▶ Given data
+++

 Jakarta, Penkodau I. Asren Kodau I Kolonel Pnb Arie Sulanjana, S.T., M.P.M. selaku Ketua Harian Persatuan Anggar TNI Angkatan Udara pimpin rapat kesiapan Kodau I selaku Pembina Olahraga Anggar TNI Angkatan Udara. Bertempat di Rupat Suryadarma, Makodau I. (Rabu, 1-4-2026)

+++

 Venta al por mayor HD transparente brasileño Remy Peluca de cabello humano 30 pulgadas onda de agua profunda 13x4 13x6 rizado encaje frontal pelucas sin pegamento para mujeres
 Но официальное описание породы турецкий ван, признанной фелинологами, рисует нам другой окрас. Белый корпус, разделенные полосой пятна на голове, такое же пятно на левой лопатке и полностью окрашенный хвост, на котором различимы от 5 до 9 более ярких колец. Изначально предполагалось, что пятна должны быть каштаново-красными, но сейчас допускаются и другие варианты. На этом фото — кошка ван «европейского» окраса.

+++

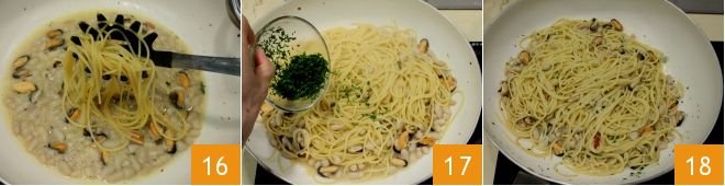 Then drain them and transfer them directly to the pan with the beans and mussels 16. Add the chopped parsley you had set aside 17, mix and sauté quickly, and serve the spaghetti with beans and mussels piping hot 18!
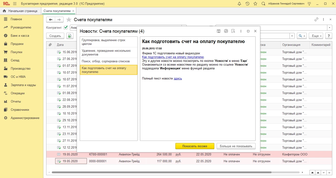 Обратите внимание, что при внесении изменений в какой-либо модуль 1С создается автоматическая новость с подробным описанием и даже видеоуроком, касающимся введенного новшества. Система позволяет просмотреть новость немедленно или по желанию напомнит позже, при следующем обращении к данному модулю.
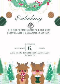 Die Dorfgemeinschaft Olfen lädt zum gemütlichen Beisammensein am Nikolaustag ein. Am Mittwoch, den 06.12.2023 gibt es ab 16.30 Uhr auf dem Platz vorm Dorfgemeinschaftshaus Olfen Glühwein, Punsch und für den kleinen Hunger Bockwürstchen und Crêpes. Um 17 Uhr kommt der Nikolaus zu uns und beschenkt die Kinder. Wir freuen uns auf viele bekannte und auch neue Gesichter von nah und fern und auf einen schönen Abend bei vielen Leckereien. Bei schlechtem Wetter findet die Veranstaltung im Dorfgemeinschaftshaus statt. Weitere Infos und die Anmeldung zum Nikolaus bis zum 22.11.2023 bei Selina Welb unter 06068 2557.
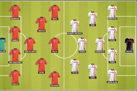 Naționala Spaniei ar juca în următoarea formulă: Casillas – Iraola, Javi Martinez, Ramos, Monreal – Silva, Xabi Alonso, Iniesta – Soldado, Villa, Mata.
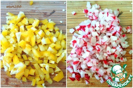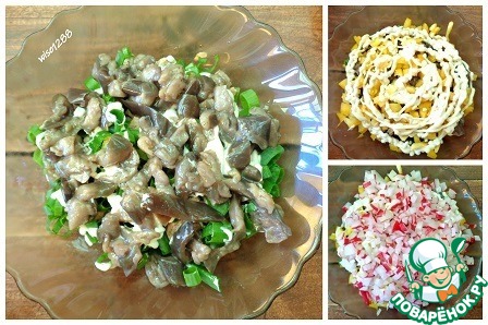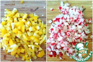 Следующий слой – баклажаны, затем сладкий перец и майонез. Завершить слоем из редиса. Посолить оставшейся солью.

+++

▶ Work task
Find the line with "Обратите внимание, что" in the entries above. Set down exactly every line from it up to and including the line with "Следующий слой –", images excluded.

▶ The answer
 Обратите внимание, что при внесении изменений в какой-либо модуль 1С создается автоматическая новость с подробным описанием и даже видеоуроком, касающимся введенного новшества. Система позволяет просмотреть новость немедленно или по желанию напомнит позже, при следующем обращении к данному модулю.
 Die Dorfgemeinschaft Olfen lädt zum gemütlichen Beisammensein am Nikolaustag ein. Am Mittwoch, den 06.12.2023 gibt es ab 16.30 Uhr auf dem Platz vorm Dorfgemeinschaftshaus Olfen Glühwein, Punsch und für den kleinen Hunger Bockwürstchen und Crêpes. Um 17 Uhr kommt der Nikolaus zu uns und beschenkt die Kinder. Wir freuen uns auf viele bekannte und auch neue Gesichter von nah und fern und auf einen schönen Abend bei vielen Leckereien. Bei schlechtem Wetter findet die Veranstaltung im Dorfgemeinschaftshaus statt. Weitere Infos und die Anmeldung zum Nikolaus bis zum 22.11.2023 bei Selina Welb unter 06068 2557.
 Naționala Spaniei ar juca în următoarea formulă: Casillas – Iraola, Javi Martinez, Ramos, Monreal – Silva, Xabi Alonso, Iniesta – Soldado, Villa, Mata.
 Следующий слой – баклажаны, затем сладкий перец и майонез. Завершить слоем из редиса. Посолить оставшейся солью.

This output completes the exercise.